### Exercise requirements
Give the lines again exactly as they appear below, from the line with "Pacapet Fluffy Runner" to the line with "Species status statements", both included, and only those lines. Leave every picture out.

### Data extract
================================
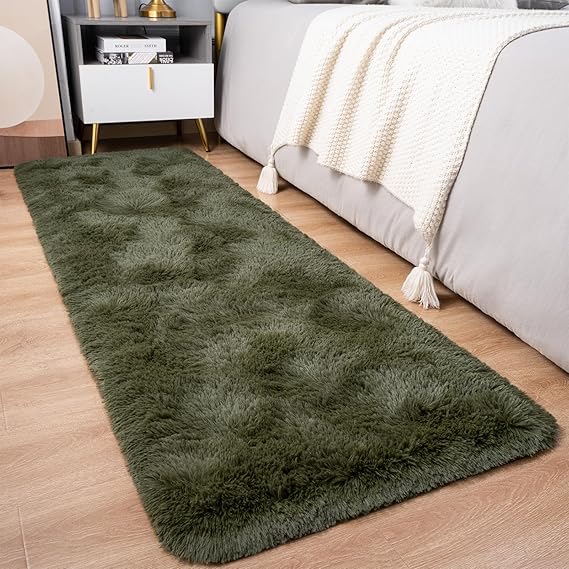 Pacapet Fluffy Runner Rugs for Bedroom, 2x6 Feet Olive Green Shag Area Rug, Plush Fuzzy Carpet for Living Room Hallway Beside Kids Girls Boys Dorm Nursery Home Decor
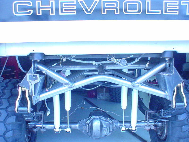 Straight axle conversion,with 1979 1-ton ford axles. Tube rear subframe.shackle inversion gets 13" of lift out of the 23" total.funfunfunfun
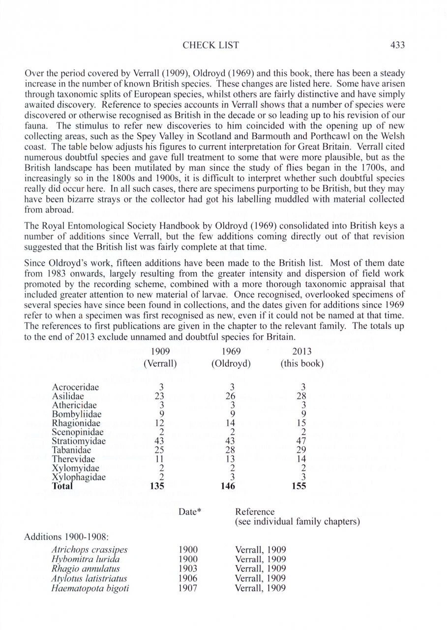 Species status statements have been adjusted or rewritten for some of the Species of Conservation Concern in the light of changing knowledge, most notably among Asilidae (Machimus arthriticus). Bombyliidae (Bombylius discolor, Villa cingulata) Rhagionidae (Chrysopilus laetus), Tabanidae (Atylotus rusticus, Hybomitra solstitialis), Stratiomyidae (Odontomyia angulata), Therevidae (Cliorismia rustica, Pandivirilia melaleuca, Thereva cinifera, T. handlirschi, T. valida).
================================
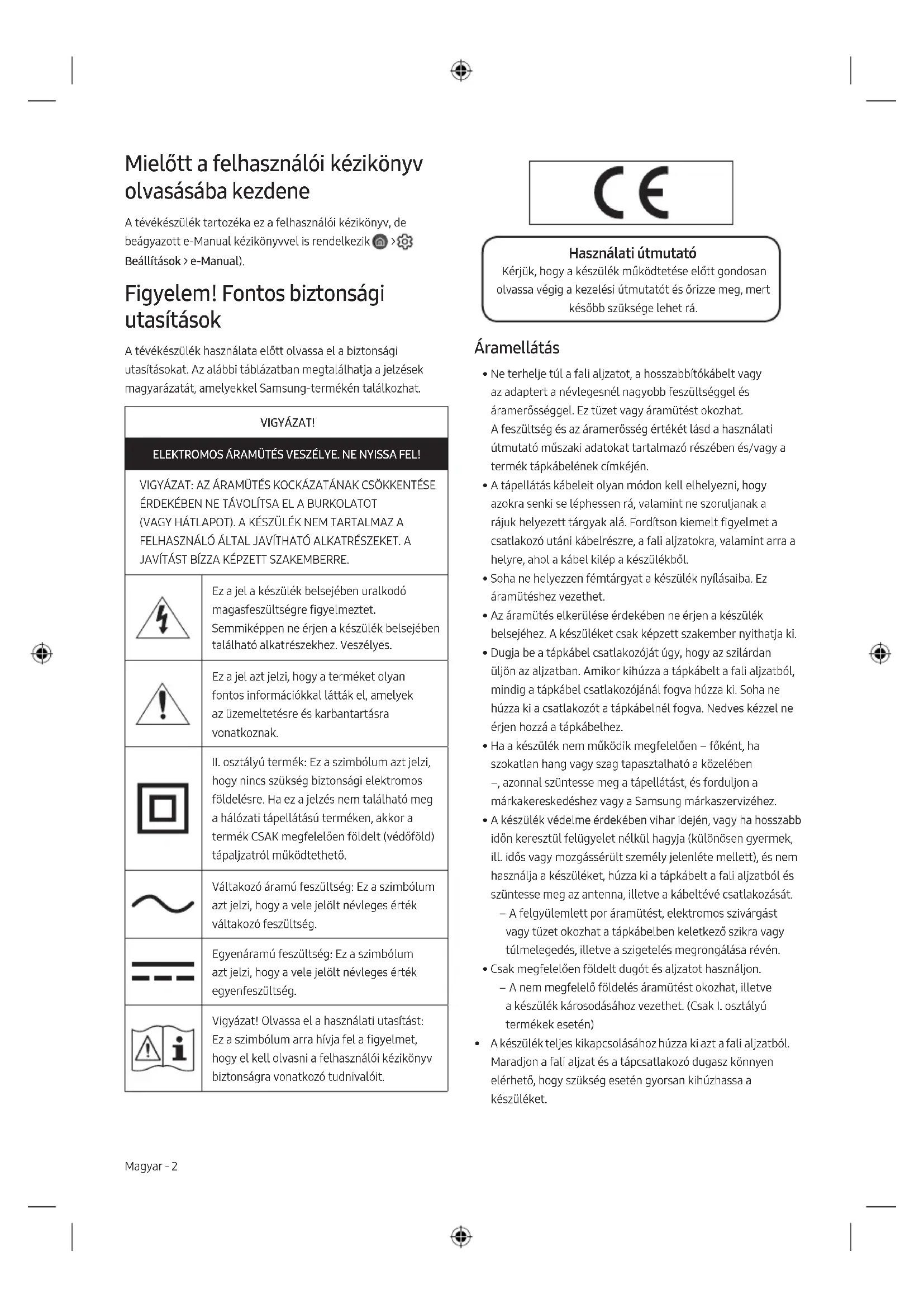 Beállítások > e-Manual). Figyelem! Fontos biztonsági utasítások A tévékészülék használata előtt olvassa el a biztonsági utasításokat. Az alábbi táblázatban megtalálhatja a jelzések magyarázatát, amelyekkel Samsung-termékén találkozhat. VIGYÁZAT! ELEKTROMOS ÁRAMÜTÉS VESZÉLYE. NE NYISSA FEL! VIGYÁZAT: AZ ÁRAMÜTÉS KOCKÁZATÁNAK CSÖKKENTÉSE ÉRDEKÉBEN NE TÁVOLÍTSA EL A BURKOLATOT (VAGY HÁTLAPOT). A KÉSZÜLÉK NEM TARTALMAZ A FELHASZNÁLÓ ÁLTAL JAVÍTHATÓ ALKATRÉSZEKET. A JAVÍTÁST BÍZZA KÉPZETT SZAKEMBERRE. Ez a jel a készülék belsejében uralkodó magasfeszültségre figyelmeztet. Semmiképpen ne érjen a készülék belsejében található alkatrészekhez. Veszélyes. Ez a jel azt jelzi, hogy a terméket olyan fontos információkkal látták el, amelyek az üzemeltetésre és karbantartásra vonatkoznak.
================================
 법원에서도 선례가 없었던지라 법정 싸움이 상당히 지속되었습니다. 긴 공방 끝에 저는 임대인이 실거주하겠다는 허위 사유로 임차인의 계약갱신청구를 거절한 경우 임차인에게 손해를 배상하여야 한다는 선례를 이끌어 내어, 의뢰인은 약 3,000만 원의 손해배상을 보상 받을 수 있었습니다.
================================
### Answer space
 Pacapet Fluffy Runner Rugs for Bedroom, 2x6 Feet Olive Green Shag Area Rug, Plush Fuzzy Carpet for Living Room Hallway Beside Kids Girls Boys Dorm Nursery Home Decor
 Straight axle conversion,with 1979 1-ton ford axles. Tube rear subframe.shackle inversion gets 13" of lift out of the 23" total.funfunfunfun
 Species status statements have been adjusted or rewritten for some of the Species of Conservation Concern in the light of changing knowledge, most notably among Asilidae (Machimus arthriticus). Bombyliidae (Bombylius discolor, Villa cingulata) Rhagionidae (Chrysopilus laetus), Tabanidae (Atylotus rusticus, Hybomitra solstitialis), Stratiomyidae (Odontomyia angulata), Therevidae (Cliorismia rustica, Pandivirilia melaleuca, Thereva cinifera, T. handlirschi, T. valida).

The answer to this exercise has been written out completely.